**Record set**

------------------------------------------------------------

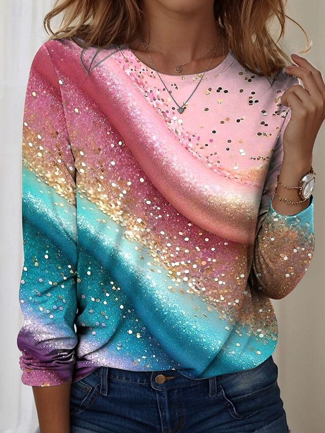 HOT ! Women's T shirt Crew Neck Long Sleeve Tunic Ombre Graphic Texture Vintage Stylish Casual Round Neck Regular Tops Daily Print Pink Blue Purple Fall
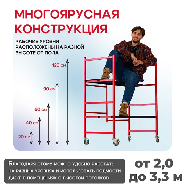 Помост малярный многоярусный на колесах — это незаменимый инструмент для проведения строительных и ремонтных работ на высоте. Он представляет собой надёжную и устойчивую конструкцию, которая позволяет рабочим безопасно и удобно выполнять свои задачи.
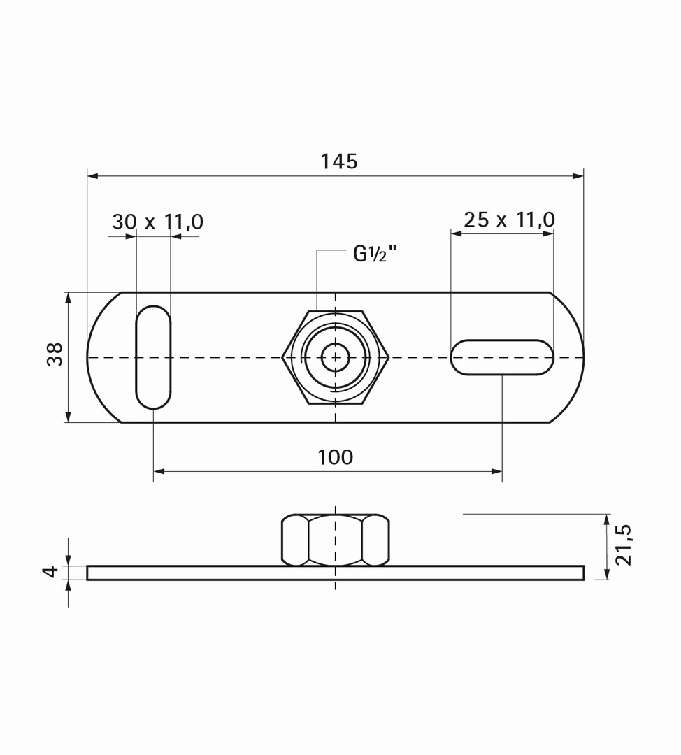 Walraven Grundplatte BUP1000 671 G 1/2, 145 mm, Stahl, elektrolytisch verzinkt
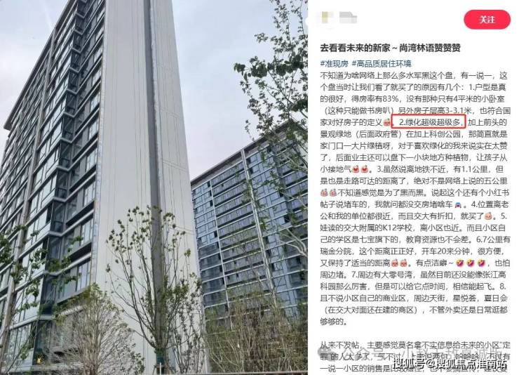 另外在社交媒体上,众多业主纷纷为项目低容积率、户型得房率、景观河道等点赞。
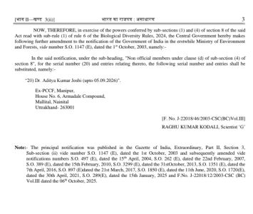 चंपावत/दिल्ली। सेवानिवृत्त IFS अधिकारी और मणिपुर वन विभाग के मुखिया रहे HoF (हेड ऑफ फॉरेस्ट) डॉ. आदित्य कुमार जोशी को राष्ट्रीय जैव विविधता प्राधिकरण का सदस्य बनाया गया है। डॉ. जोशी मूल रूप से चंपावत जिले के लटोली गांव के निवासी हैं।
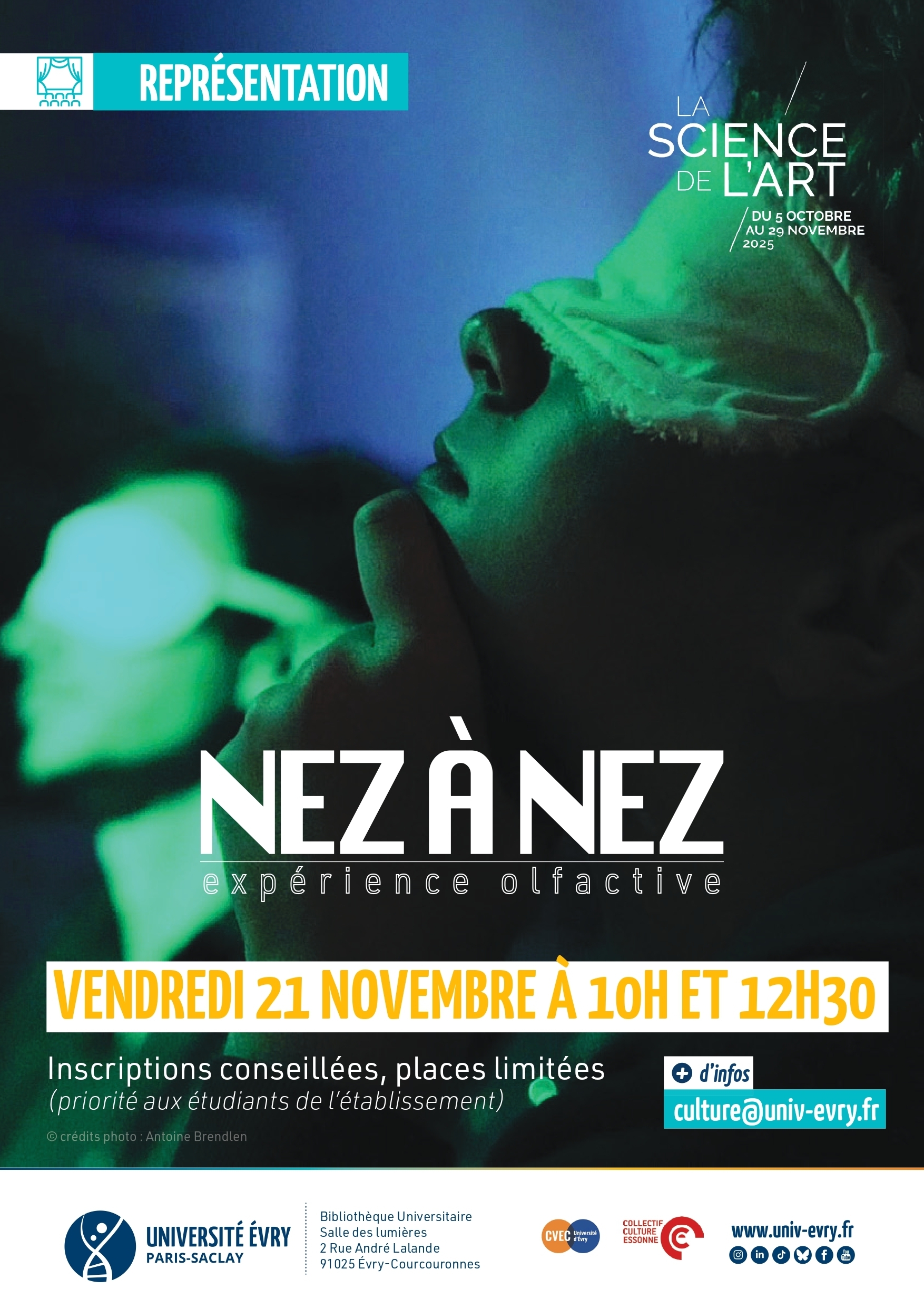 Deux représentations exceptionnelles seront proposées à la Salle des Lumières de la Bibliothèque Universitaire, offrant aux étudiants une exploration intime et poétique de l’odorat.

------------------------------------------------------------

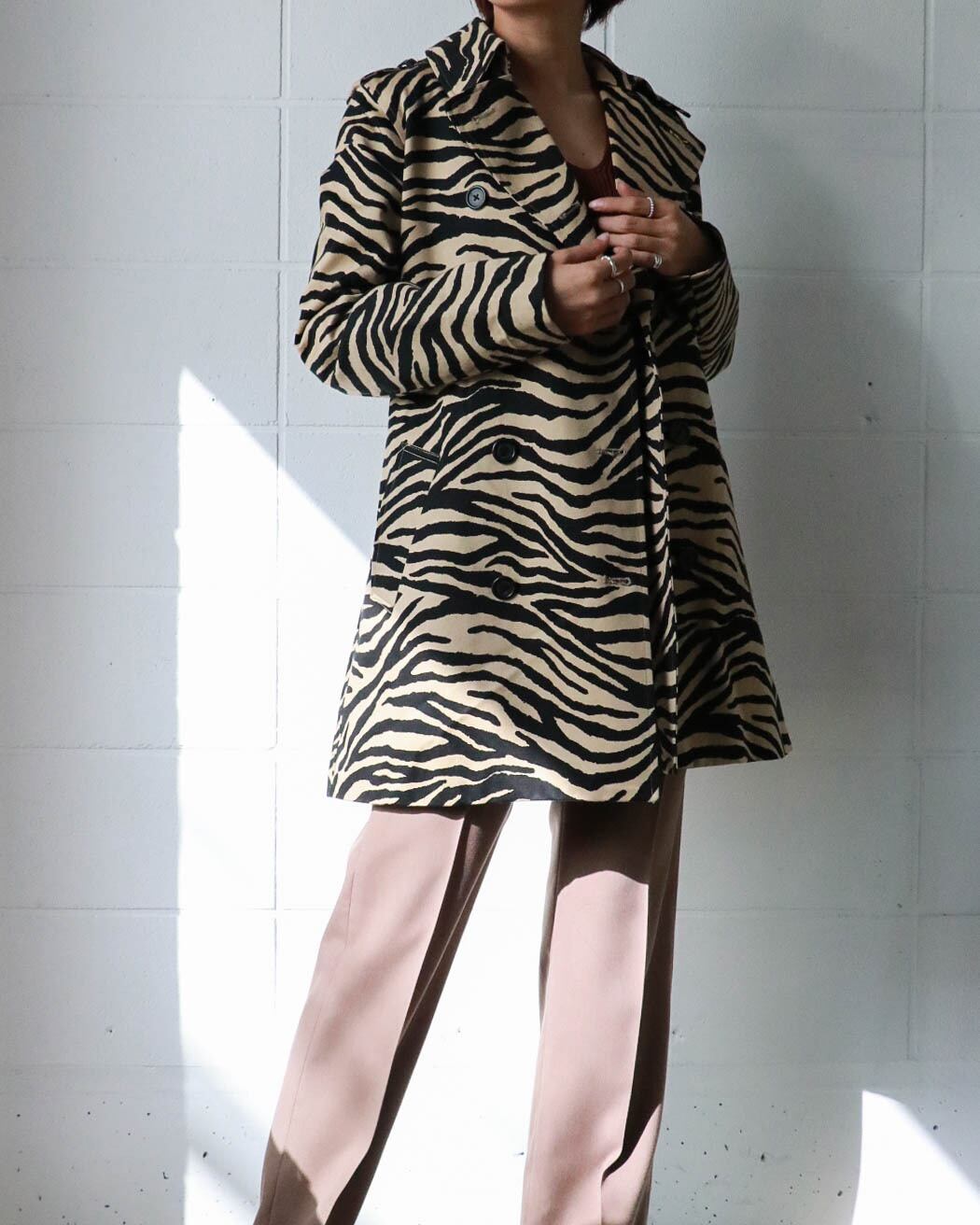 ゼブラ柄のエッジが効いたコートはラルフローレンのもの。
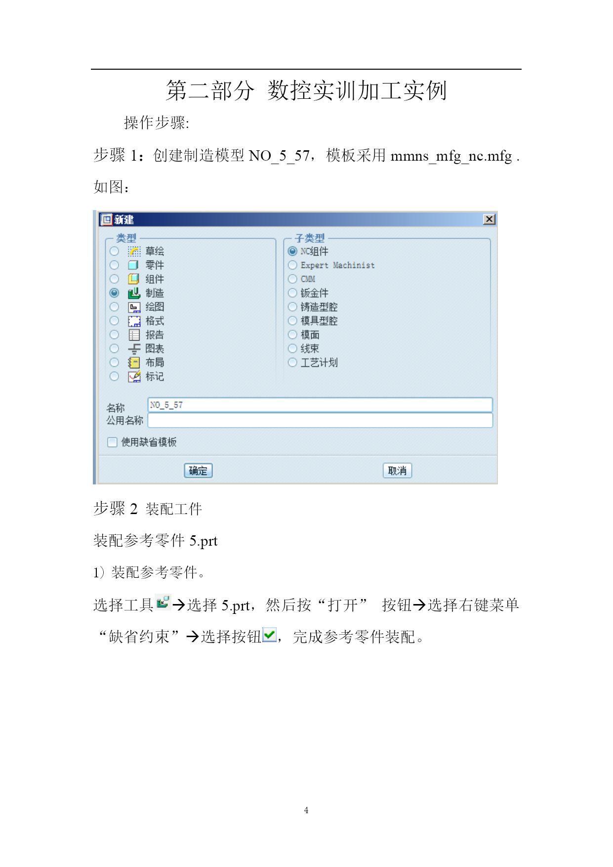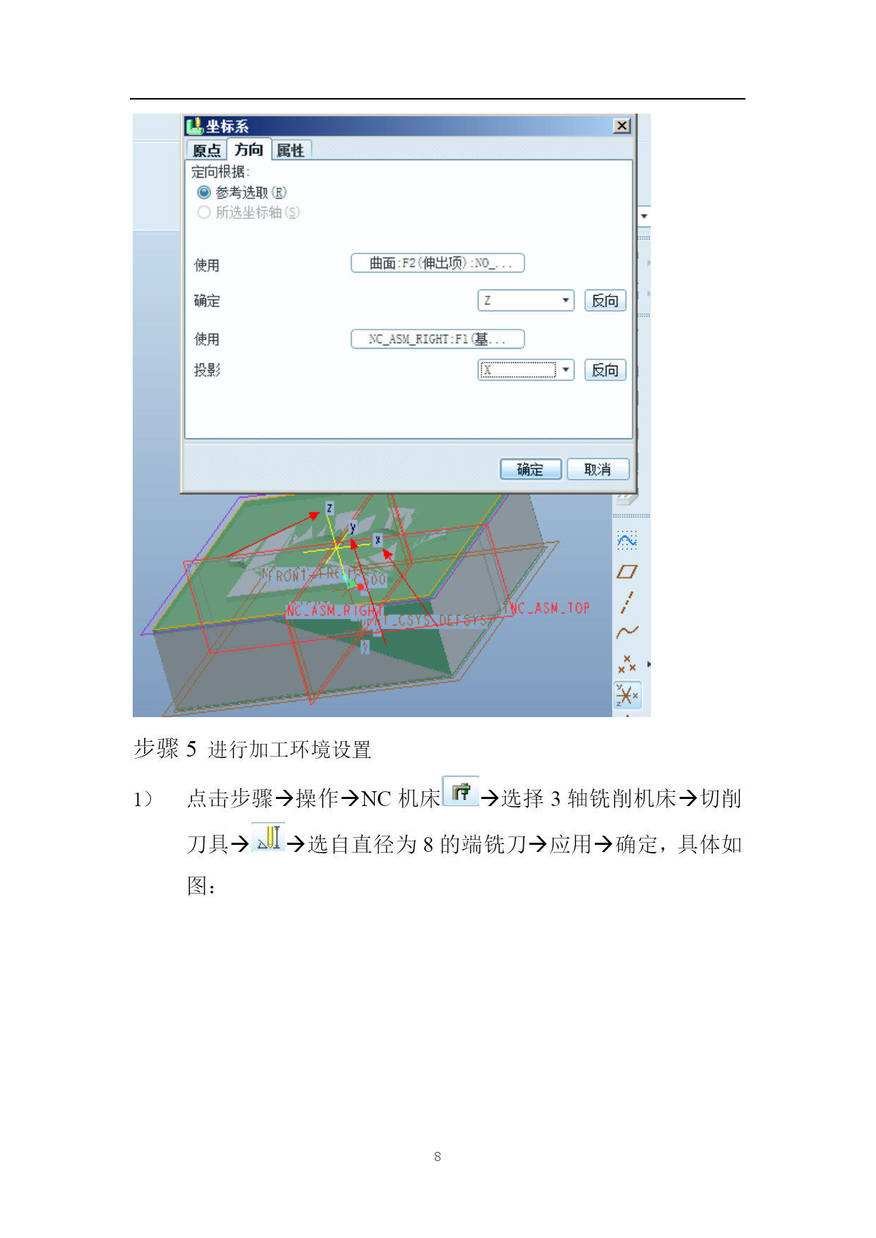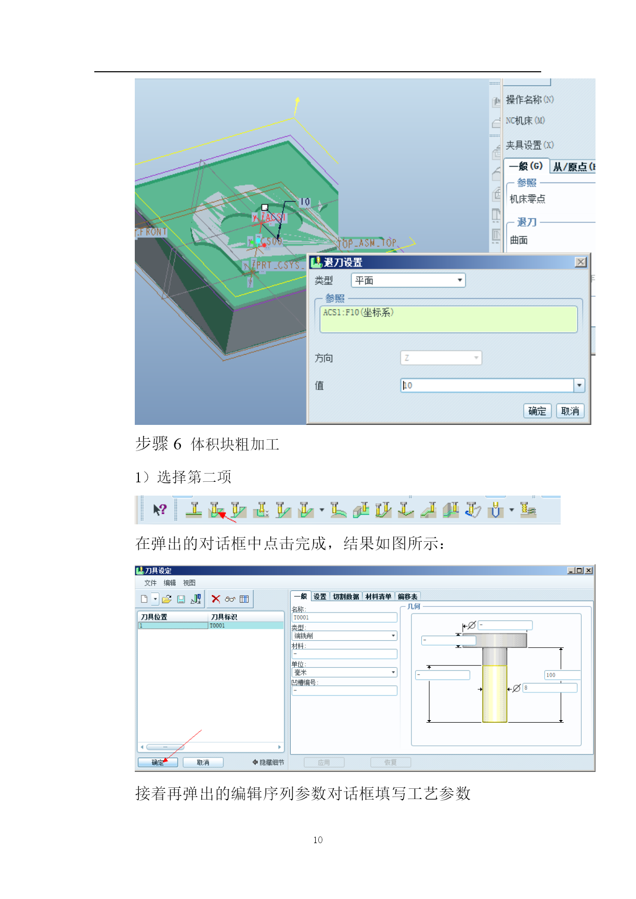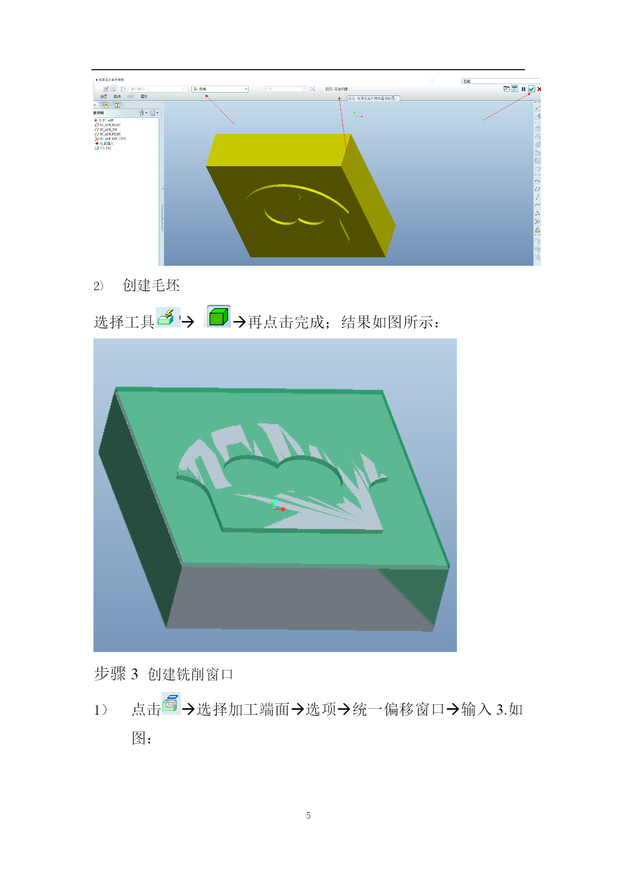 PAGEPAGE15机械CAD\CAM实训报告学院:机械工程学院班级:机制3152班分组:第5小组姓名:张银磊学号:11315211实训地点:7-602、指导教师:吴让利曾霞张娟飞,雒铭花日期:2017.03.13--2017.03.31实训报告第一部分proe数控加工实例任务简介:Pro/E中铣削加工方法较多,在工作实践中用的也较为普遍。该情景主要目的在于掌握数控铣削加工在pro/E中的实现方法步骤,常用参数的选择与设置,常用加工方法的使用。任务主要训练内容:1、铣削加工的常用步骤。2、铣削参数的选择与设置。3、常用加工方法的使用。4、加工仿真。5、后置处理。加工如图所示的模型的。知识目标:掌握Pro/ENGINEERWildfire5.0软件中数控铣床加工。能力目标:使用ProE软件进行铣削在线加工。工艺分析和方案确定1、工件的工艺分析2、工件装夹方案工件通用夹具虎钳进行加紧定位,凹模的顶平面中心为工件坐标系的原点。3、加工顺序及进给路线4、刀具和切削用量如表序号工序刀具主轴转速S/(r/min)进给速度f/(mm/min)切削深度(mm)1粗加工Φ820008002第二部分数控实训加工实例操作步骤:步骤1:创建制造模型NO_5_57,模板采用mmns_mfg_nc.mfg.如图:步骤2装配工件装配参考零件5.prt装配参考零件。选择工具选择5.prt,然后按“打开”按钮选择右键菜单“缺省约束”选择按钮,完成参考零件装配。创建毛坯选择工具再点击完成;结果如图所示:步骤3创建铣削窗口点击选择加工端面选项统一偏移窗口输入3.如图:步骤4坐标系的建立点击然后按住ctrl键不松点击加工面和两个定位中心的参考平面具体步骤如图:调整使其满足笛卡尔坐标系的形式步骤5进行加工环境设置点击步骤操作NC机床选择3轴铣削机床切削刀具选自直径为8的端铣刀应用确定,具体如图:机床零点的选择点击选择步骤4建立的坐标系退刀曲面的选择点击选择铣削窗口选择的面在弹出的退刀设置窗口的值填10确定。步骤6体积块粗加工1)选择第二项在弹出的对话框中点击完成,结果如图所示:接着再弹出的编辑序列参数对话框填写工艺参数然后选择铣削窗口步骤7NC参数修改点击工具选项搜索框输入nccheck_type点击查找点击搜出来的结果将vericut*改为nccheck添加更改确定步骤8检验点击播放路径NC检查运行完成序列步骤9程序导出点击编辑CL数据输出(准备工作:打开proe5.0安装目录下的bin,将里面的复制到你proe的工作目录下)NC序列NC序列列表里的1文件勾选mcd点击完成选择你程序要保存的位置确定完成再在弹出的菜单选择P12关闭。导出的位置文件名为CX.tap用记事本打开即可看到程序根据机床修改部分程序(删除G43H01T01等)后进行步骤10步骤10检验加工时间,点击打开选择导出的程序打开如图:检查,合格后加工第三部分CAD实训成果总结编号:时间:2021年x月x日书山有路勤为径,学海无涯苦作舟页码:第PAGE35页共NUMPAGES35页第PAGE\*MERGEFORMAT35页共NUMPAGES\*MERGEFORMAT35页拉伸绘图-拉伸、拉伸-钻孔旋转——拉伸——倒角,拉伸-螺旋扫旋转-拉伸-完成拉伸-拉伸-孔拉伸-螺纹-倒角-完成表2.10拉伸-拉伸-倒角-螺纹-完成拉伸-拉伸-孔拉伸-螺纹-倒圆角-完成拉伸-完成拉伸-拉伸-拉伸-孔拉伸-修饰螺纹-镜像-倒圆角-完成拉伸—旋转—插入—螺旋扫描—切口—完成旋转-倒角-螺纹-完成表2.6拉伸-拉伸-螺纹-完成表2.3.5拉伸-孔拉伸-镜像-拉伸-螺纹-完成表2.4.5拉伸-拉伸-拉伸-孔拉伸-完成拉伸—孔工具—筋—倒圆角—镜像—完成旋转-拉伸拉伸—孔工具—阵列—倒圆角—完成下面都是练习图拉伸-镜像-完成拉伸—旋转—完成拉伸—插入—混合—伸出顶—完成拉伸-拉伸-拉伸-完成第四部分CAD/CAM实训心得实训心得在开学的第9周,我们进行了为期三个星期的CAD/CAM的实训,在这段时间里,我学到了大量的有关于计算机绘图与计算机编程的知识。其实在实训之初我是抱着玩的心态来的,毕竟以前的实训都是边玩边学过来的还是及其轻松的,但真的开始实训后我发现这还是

------------------------------------------------------------

**Activity**
Leaving pictures out, output the lines of the data above from the one with "Помост малярный многоярусный" through the one with "Deux représentations exceptionnelles", word for word.

**Response to the exercise**
 Помост малярный многоярусный на колесах — это незаменимый инструмент для проведения строительных и ремонтных работ на высоте. Он представляет собой надёжную и устойчивую конструкцию, которая позволяет рабочим безопасно и удобно выполнять свои задачи.
 Walraven Grundplatte BUP1000 671 G 1/2, 145 mm, Stahl, elektrolytisch verzinkt
 另外在社交媒体上,众多业主纷纷为项目低容积率、户型得房率、景观河道等点赞。
 चंपावत/दिल्ली। सेवानिवृत्त IFS अधिकारी और मणिपुर वन विभाग के मुखिया रहे HoF (हेड ऑफ फॉरेस्ट) डॉ. आदित्य कुमार जोशी को राष्ट्रीय जैव विविधता प्राधिकरण का सदस्य बनाया गया है। डॉ. जोशी मूल रूप से चंपावत जिले के लटोली गांव के निवासी हैं।
 Deux représentations exceptionnelles seront proposées à la Salle des Lumières de la Bibliothèque Universitaire, offrant aux étudiants une exploration intime et poétique de l’odorat.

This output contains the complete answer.